De hecho, el director Michael Fimognari parecía tan decidido a hacer esta película algo decente que a veces me olvidaba que estaba viendo una película navideña (aparte de la escena en la que irrumpen en una fiesta de disfraces de Papá Noel en el trabajo). Esto no funcionará para todos: la nieve falsa y las historias huecas a menudo superan la calidad cinematográfica en la comida navideña, pero para aquellos como yo, se sentirá como lo mejor de ambos mundos.

ciudad de oropel

Kiefer Sutherland (24) cambia armas por pasteles de carne en Prime Video’s ciudad de oropel. Una estrella de acción decadente (Sutherland) hace un último intento de seguir siendo relevante al aceptar un papel en lo que cree que es un espectáculo del West End, pero que en realidad es una pantomima de un pueblo pequeño. Allí, un sencillo coreógrafo (Rebel Wilson) le ayuda a redescubrir la fe en sí mismo.

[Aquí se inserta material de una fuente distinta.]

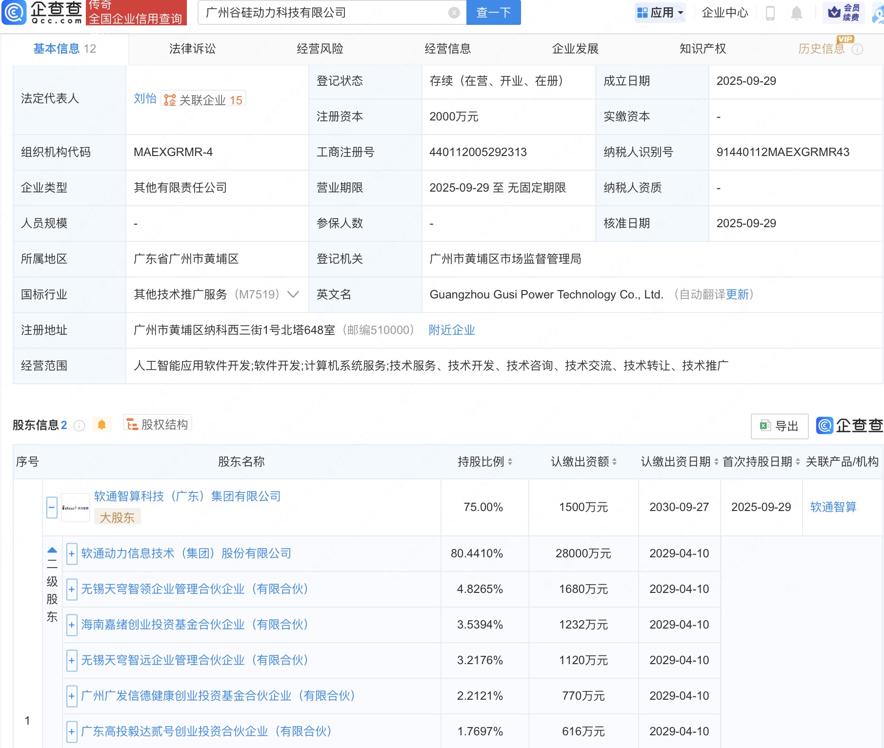 企查查APP显示,近日,广州谷硅动力科技有限公司成立,法定代表人为刘怡,注册资本2000万人民币,经营范围包括人工智能应用软件开发、软件开发、计算机系统服务等。企查查股权穿透显示,该公司由软通动力(301236)旗下软通智算科技(广东)集团有限公司等共同持股。

Como alguien que creció viendo escenas escolares, esta película fue maravillosamente nostálgica. Su carácter británico intransigente le da un sentido del humor autocrítico que no sólo es irónico sino que en ocasiones es genuinamente inteligente. Y ver a Sutherland, con sombra de ojos y todo, haciendo cabriolas vestido como Buttons de Cenicienta es un placer para los ojos.

Alegría para el mundo

Carga

Una gurú del estilo de vida se encuentra en un aprieto cuando la presionan para aparecer en un programa de televisión de Nochebuena con su familia perfecta, porque esa familia no existe; toda su personalidad es una mentira. Así que se ve obligada a reclutar a sus vecinos y a su mejor amigo (nuestro héroe navideño Chad Michael Murray) para que se hagan pasar por su clan. Puedes imaginar lo bien que funciona.

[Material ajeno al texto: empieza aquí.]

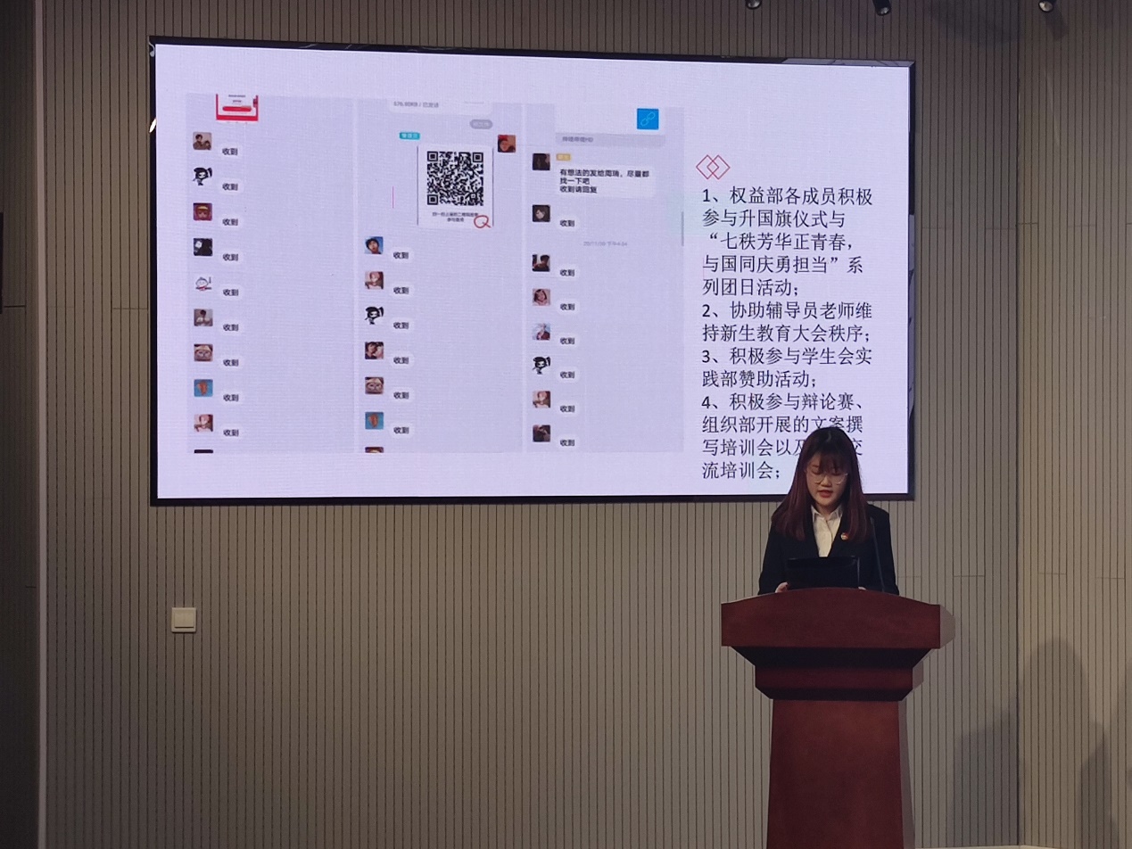 会议第二阶段,为全面落实2020-2021学年度第一学期机电学院学生会的工作开展情况,各部门针对本部的工作情况面向学生会全体同学进行述职汇报 。

Veré todas las películas navideñas con Murray (los alegres caballeros¿Alguien?), pero eso requirió una gran perseverancia. Casi la mitad de la película es una pelea de bolas de nieve dolorosamente escenificada, con bolas de nieve perfectamente redondas que aparecen mágicamente en las manos de las personas durante minutos. La otra mitad es solo una mujer molesta por ser una tramposa (eso depende de ti, cariño) en una casa lamentablemente mal decorada. Y lo siento, Chad, pero tu arte de la oca no sirve.

Problemas con el champán

No hay nada peor que el champán sin gas. Desafortunadamente, eso es exactamente lo que ofrece el romance de Netflix ambientado en París: una película navideña que llegó al meollo del asunto pero desapareció de mi memoria tan rápido como se podía decir “Joyeux Noël”.

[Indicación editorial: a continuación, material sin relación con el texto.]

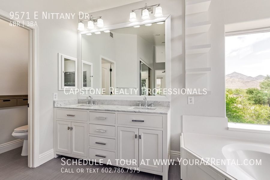 This stunning Ironwood Village gem boasts a prime location and luxurious upgrades. Step inside to a two-story haven featuring custom renovations, including a gourmet kitchen fit for a chef. Imagine whipping up culinary masterpieces with a 6-burner gas range, gleaming stainless steel appliances, and sleek quartz countertops. Warm wood flooring and modern lighting create an inviting atmosphere throughout. Unwind in the private master bedroom, where breathtaking mountain views greet you from your own terrace. Camelback Mountain adds another layer of scenic splendor, visible from your double walk-in closets. Vaulted ceilings enhance the sense of spaciousness. Head outside to your expansive backyard oasis, complete with a sparkling pool for Arizona's glorious weather. Lush landscaping ensures complete privacy while you relax or entertain. This home sits within highly-rated school districts and offers easy access to major highways, making commutes a breeze. Nearby shopping caters to your everyday needs. Plus, Ironwood Park and a tennis court are just a short stroll away. Don't miss your chance to experience modern living in a welcoming space. Schedule a showing today and make this your own! Quick access to parks, the 101 freeway, Aj's Fine Foods, Silverleaf Country Club, Trailheads, the Ice Den and much more! Landscaping and pool services included! -- One Time Lease Administration Fee: $150.00 Monthly Tenant Benefit Package: $49.99 Security Deposit: Equal to one months rent Refundable Cleaning Deposit: $400.00 Refundable Pet Deposit: $200.00 per pet 3 Car Garage Built In Shelving Dryer Fire Sprinklers Irrigation System Pool Non Heated Separate Shower And Tub Smoke Detectors Walk In Shower Washer Wood Flooring

En él, un director de marketing estadounidense viaja a Francia para conseguir una famosa casa de champán justo antes de Navidad. Pero, en cambio, se enamora del hijo del propietario de la empresa, lo que dificulta la adquisición y pone en duda todas sus decisiones de vida.

Los títulos navideños cursis no son conocidos por sus roles de género progresistas, pero aun así me dolió ver a una mujer exitosa dejar su trabajo de alto nivel para trabajar para su nuevo amante (en una tienda de vinos y libros, para empezar). Los evidentes estereotipos culturales también resultaron dolorosos: en serio, no todos los alemanes están obsesionados con las salchichas. Lo más importante es que la película ni siquiera parecía navideña, sino que claramente intentaba evitar el camp para parecer más “auténtica”. ¡Pero hola! Lo camp es lo que hace que estas películas sean tan atractivas.